Brazil has always been more conservative than its global image suggested. Samba and bikinis were never the whole country. Lula won before because he understood how to build majorities across contradictions. What Nunes describes, though, is more than ordinary conservatism. It is a reversal of the progressive drift seen in the 2000s and 2010s, a return to attitudes closer to those of the mid-1990s. One major force behind that, the book argues, is the spread of Evangelical Christianity, from 7% of the population four decades ago to around 30% today. In the working-class peripheries of major cities, areas once central to Lula’s strength have become some of the Bolsonaros’ most committed terrain.
That is not just an electoral shift. It is a social reordering of who feels spoken for.

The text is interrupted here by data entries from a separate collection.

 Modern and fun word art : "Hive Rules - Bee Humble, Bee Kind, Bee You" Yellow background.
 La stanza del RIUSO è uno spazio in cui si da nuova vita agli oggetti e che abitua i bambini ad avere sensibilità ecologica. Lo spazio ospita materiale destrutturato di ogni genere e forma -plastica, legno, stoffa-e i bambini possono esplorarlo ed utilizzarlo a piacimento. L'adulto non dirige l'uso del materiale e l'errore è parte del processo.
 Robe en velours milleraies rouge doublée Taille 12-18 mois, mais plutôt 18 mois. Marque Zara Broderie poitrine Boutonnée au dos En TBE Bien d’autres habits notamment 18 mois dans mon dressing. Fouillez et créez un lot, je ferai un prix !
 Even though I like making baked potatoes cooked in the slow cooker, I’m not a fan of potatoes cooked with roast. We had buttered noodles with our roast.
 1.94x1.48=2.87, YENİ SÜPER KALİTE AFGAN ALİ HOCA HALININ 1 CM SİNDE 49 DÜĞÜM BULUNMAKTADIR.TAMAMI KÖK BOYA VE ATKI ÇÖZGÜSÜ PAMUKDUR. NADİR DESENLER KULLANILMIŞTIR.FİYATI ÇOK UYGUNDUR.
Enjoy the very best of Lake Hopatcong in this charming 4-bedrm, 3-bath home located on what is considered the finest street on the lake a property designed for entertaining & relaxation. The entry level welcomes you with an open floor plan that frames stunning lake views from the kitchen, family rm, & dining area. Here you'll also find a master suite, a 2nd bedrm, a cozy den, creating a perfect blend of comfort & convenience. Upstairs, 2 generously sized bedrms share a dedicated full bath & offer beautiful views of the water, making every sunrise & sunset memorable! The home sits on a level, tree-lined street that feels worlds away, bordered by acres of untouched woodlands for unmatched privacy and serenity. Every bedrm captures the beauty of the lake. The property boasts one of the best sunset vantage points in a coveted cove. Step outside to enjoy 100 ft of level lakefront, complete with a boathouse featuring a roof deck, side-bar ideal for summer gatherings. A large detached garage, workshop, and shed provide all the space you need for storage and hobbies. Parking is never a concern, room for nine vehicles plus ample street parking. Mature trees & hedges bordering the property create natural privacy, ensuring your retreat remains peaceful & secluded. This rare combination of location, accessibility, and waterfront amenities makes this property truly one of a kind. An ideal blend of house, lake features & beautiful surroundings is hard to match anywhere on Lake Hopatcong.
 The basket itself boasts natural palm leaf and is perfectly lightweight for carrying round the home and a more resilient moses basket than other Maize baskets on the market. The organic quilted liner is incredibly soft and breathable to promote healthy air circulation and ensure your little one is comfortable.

The New Voter Wants Something Else
Nunes’ book captures two other movements that may explain why Lula’s old instincts are not landing with the same certainty. The first is the rise of crime as the leading concern of Brazilian voters. Lula has struggled here, including when he said last October that drug dealers are “victims of drug users.” That may have been intended as a structural analysis. In political terms, it sounded out of step with a society asking first for control, safety, and order.
The second shift is quieter but possibly just as important. Brazilians increasingly say they would rather be self-employed than hold a salaried job. Americas Quarterly contrasts this with an older Brazil, where a carteira assinada once represented not only stability but status. That aspiration has changed. Many voters now seem to want less of a benefactor state and more of a government that guarantees basic security and leaves room for individual hustle. It is a harsher social mood, more solitary, more suspicious, less union-shaped. Lula’s party, built in the trade union world of the 1980s, is still trying to fully grasp it.
This is where Flávio Bolsonaro may benefit from being underestimated. He lacks his father’s aggressive energy. He lacks the attack dog style. But that blandness may actually widen his appeal among voters who share the family’s conservative agenda yet recoiled from Jair Bolsonaro’s rhetoric and pandemic record. His own vulnerability, tied to alleged money laundering and salary misdirection, now appears smaller in comparison to the Banco Master scandal. He has denied wrongdoing.
Those around Lula remain calm. His job approval is still about 47% in the latest Datafolha poll. Advisers believe that if the campaign becomes a referendum on the economy, he can still win. Real wages have risen by almost a fifth during his term. New subsidies on natural gas and a tax break for working-class Brazilians are arriving at exactly the right political moment.
Still, the race no longer feels secure. The war in the Middle East is just one of several uncertainties looming in the months ahead. Americas Quarterly suggests the most likely outcome is a close contest where one surprise, at home or abroad, could change everything. Brazilians are familiar with that feeling. What’s different now is that Lula started the year expecting a steadier, easier path.
Instead, Brazil has become its usual self again—restless, polarized, and hard to predict until the very end.